─── The data ───
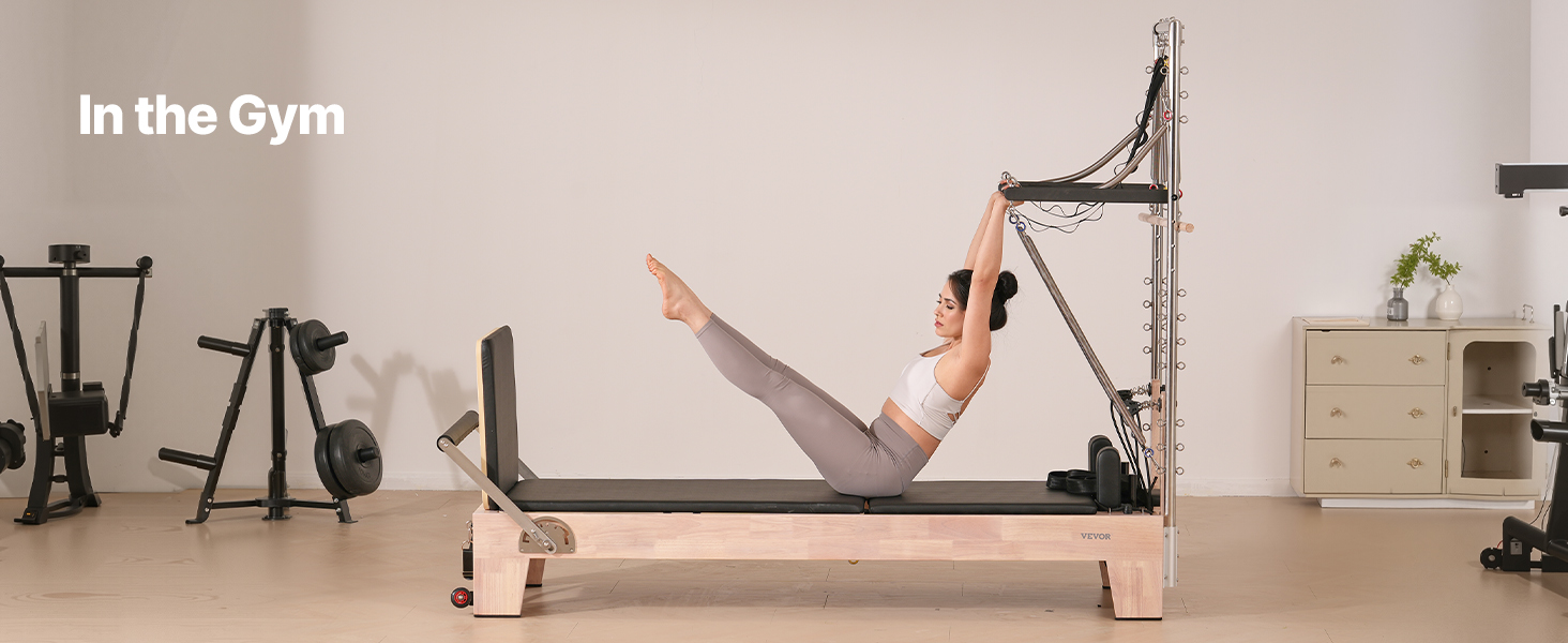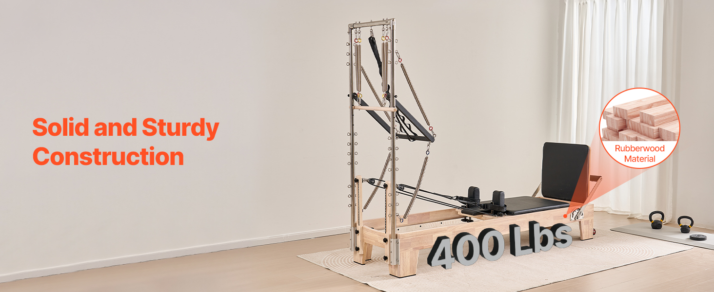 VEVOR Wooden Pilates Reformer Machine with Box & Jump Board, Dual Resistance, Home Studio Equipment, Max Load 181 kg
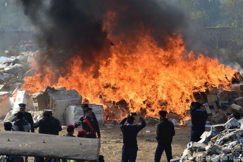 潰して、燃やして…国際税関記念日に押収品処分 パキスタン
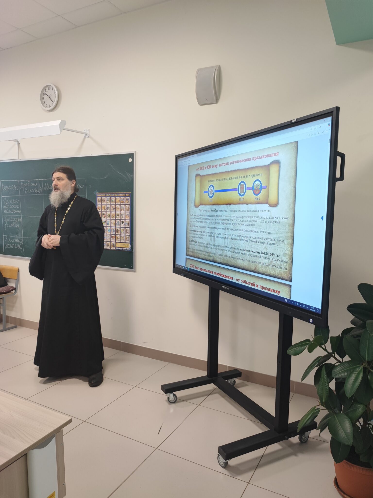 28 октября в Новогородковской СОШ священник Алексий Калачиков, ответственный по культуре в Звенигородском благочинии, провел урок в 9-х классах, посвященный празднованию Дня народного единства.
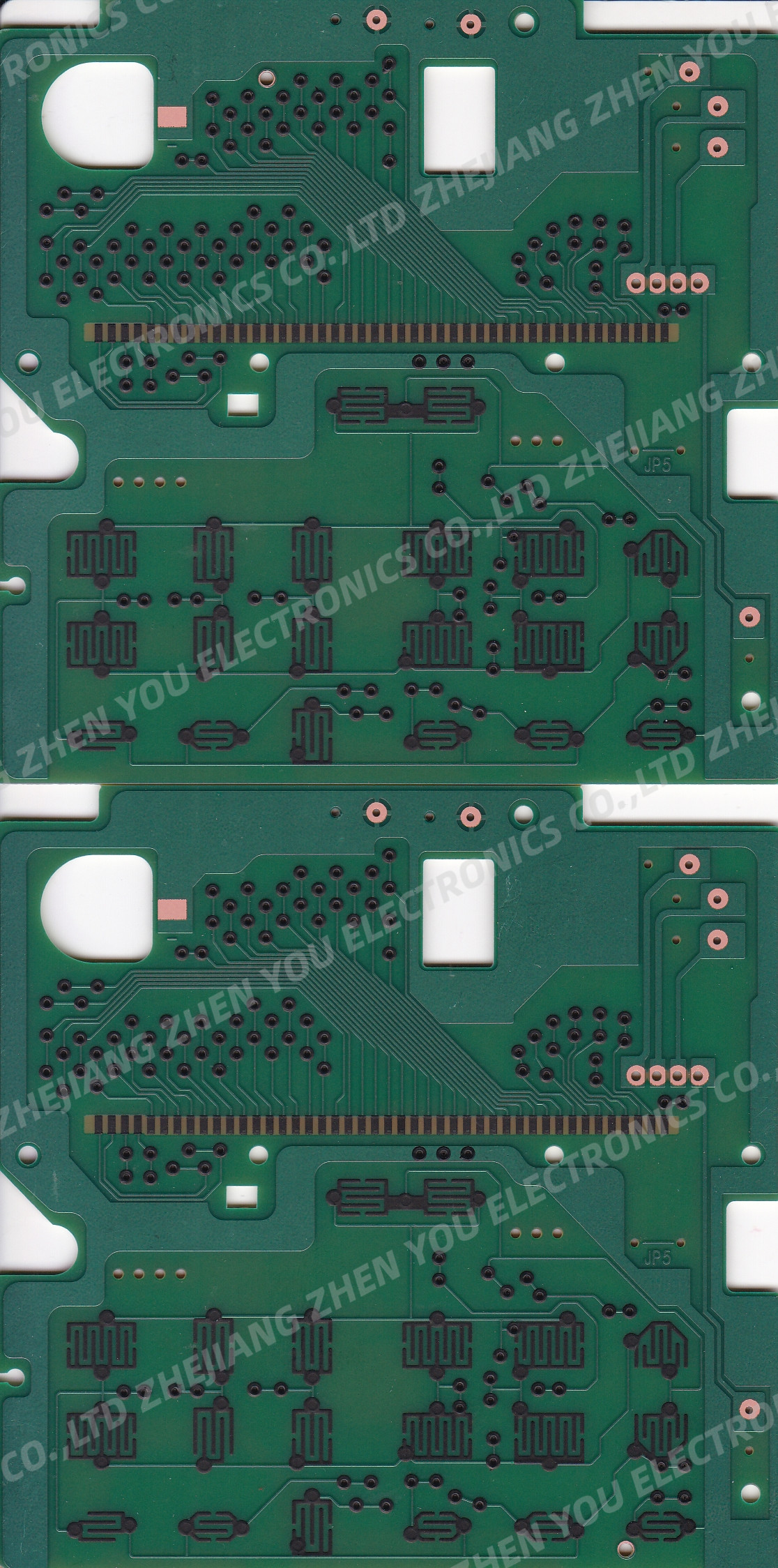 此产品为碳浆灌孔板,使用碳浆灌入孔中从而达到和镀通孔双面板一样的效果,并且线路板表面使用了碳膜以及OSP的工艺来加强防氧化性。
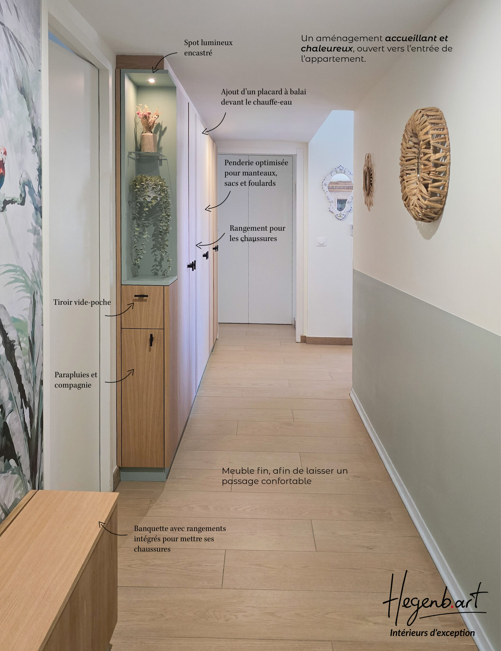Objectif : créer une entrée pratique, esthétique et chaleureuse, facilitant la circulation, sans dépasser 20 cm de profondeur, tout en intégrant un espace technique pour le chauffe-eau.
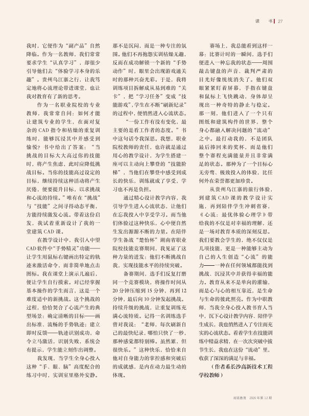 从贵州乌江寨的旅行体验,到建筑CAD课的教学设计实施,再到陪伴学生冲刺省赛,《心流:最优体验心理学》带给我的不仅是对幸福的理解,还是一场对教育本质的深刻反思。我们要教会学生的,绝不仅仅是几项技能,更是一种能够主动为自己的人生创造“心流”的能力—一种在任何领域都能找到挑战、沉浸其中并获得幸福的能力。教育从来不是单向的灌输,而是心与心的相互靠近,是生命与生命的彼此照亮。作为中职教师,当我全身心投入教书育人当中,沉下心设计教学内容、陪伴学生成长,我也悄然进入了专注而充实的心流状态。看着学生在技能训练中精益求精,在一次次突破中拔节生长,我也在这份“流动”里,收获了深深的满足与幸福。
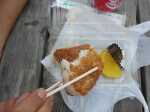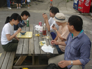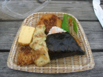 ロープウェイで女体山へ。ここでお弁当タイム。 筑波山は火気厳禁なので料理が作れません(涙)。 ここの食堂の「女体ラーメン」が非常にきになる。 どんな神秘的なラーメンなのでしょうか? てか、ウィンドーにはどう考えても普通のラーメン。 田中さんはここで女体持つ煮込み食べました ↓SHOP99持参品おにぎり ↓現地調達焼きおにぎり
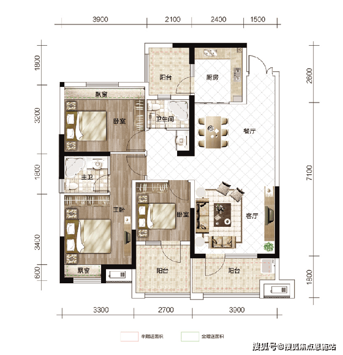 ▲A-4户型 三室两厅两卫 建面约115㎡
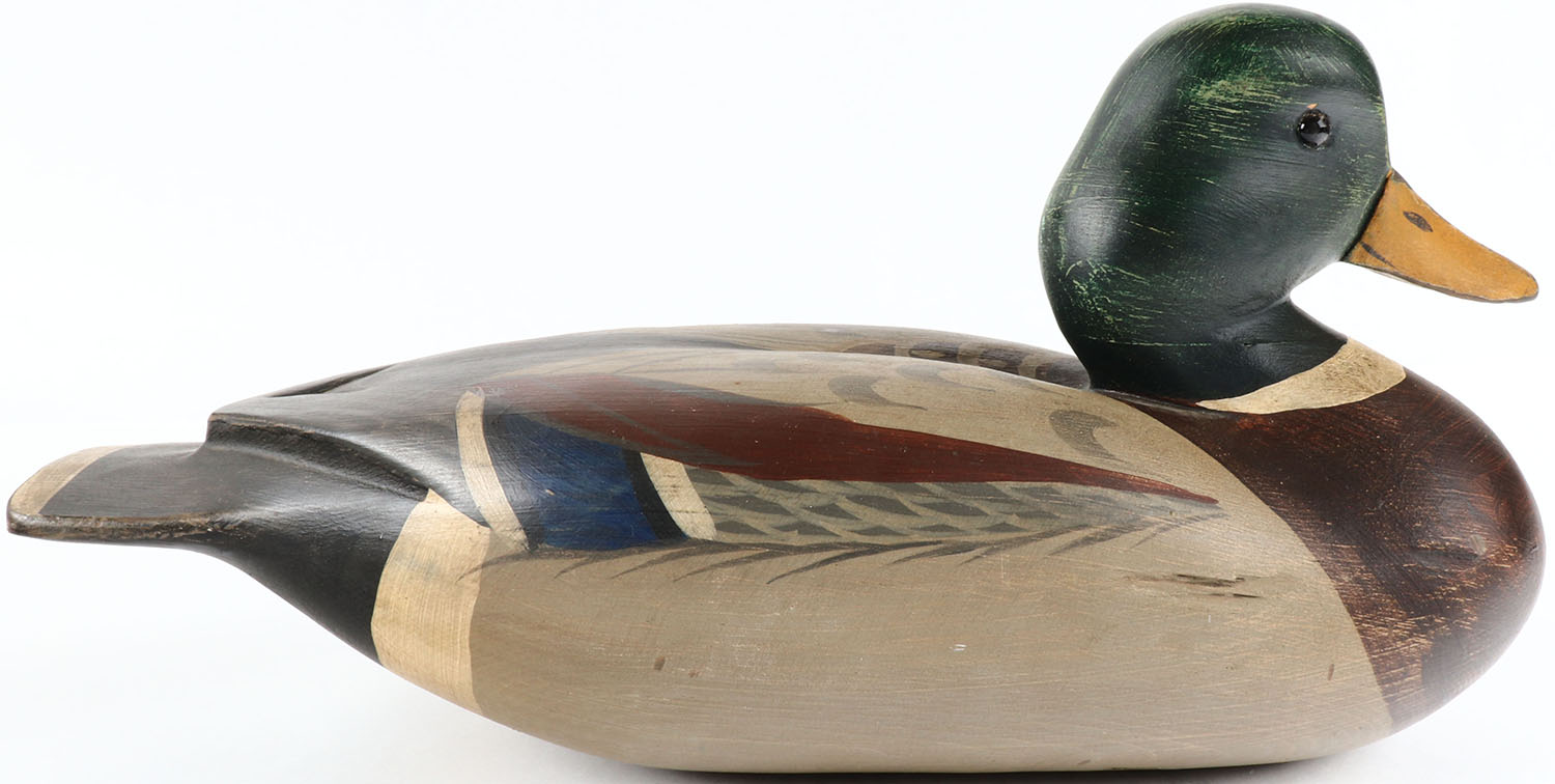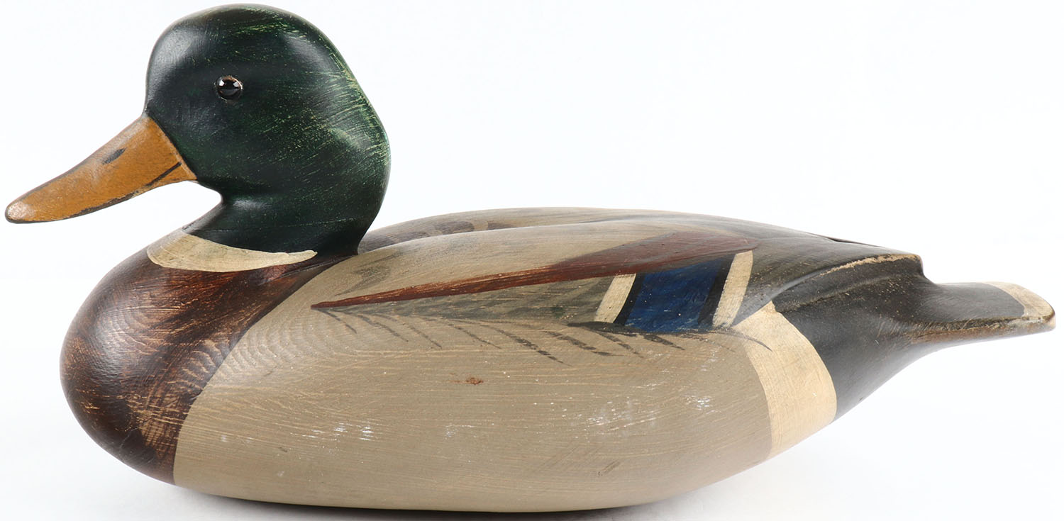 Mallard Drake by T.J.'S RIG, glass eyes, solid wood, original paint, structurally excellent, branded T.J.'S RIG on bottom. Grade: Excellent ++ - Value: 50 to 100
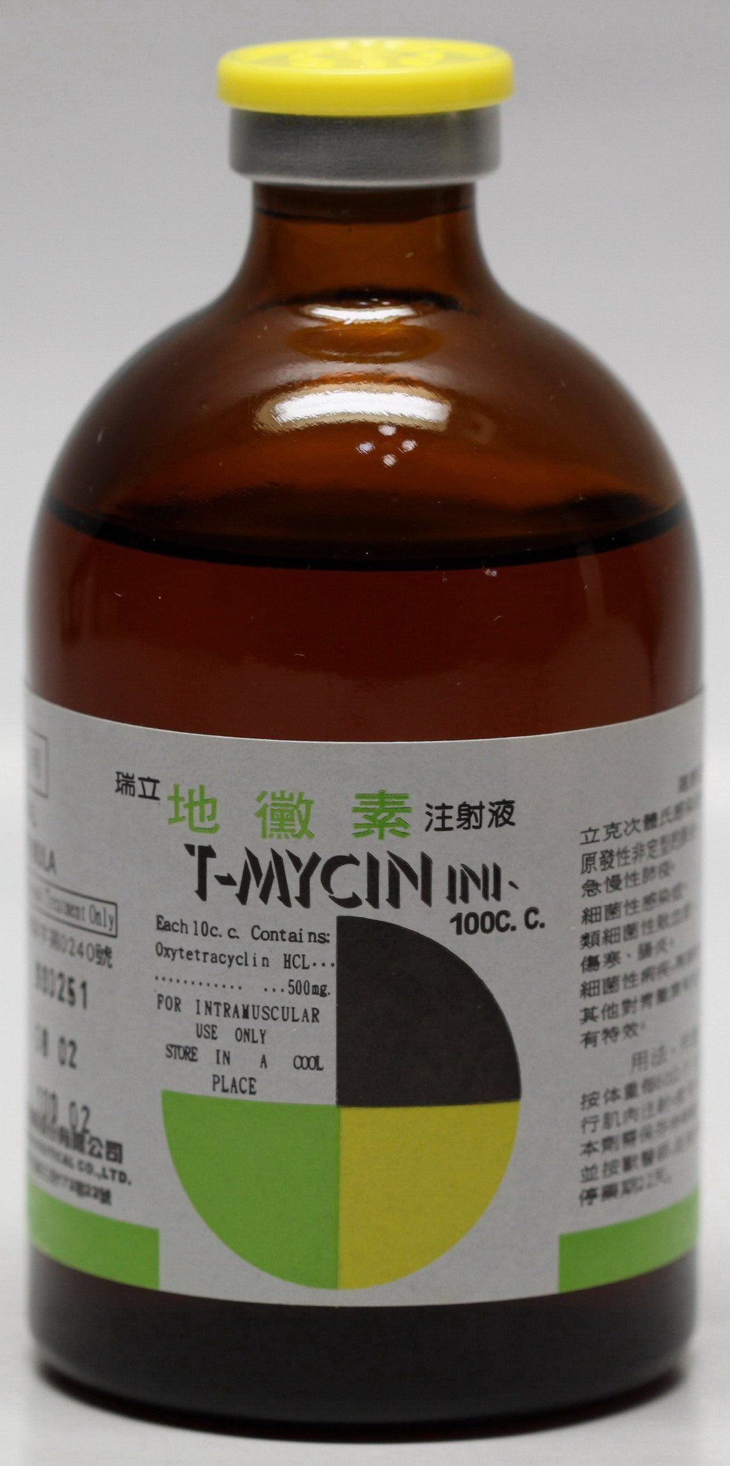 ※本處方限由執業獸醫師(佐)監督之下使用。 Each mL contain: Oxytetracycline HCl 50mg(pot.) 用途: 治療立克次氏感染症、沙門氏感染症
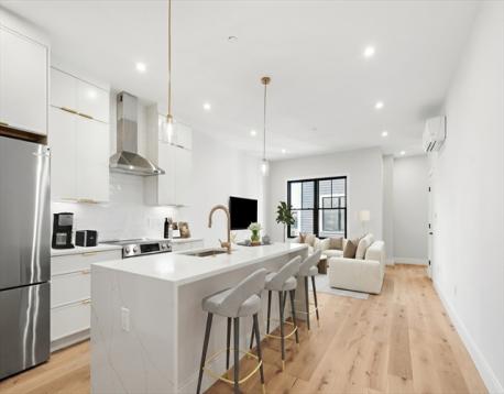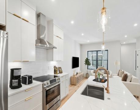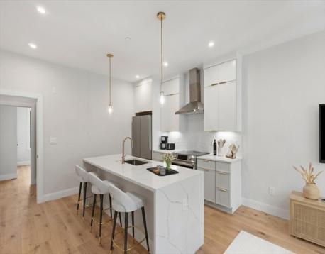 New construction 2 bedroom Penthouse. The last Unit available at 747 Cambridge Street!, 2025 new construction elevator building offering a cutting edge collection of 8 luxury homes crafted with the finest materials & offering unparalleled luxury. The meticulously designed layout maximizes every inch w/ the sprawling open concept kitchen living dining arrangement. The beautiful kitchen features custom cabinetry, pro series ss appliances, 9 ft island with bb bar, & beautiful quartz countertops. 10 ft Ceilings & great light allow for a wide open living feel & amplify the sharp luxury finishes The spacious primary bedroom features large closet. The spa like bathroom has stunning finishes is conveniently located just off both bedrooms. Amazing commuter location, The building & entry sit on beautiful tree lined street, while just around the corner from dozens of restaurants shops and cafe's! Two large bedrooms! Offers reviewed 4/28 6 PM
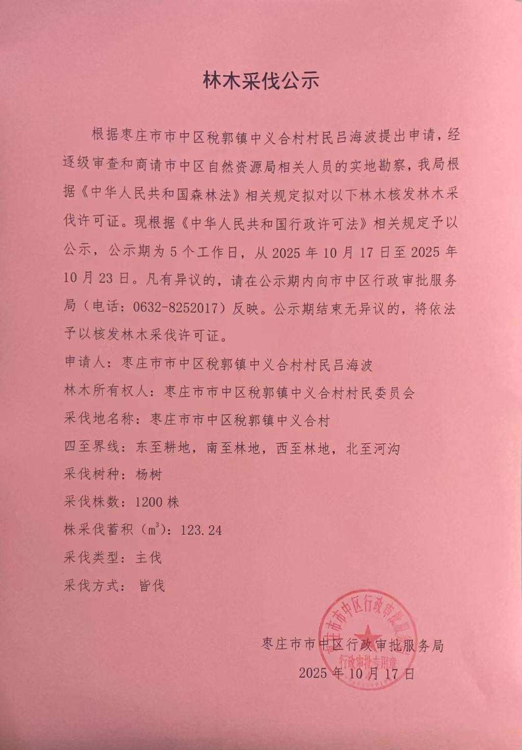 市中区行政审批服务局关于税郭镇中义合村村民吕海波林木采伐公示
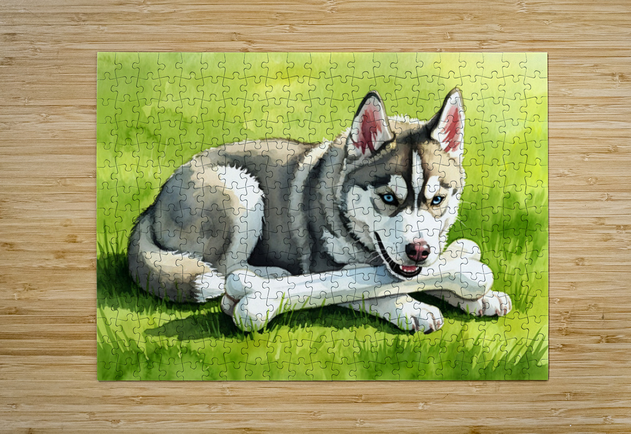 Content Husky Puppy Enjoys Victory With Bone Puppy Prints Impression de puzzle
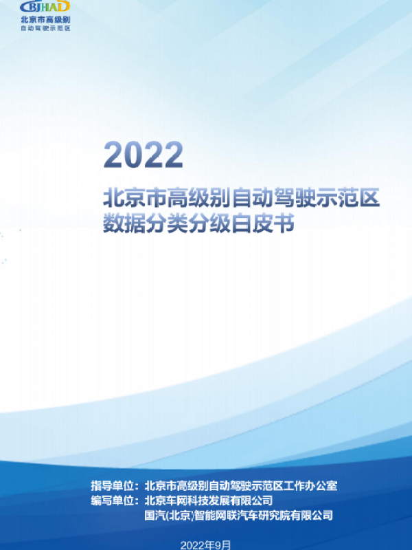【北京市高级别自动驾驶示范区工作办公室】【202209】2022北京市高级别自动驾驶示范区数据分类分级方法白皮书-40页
───
**What is required:** From the opening line of the entries above to the line that holds "此产品为碳浆灌孔板,使用碳浆", inclusive, reproduce each line exactly and omit any picture.

**Exercise response:**
 VEVOR Wooden Pilates Reformer Machine with Box & Jump Board, Dual Resistance, Home Studio Equipment, Max Load 181 kg
 潰して、燃やして…国際税関記念日に押収品処分 パキスタン
 28 октября в Новогородковской СОШ священник Алексий Калачиков, ответственный по культуре в Звенигородском благочинии, провел урок в 9-х классах, посвященный празднованию Дня народного единства.
 此产品为碳浆灌孔板,使用碳浆灌入孔中从而达到和镀通孔双面板一样的效果,并且线路板表面使用了碳膜以及OSP的工艺来加强防氧化性。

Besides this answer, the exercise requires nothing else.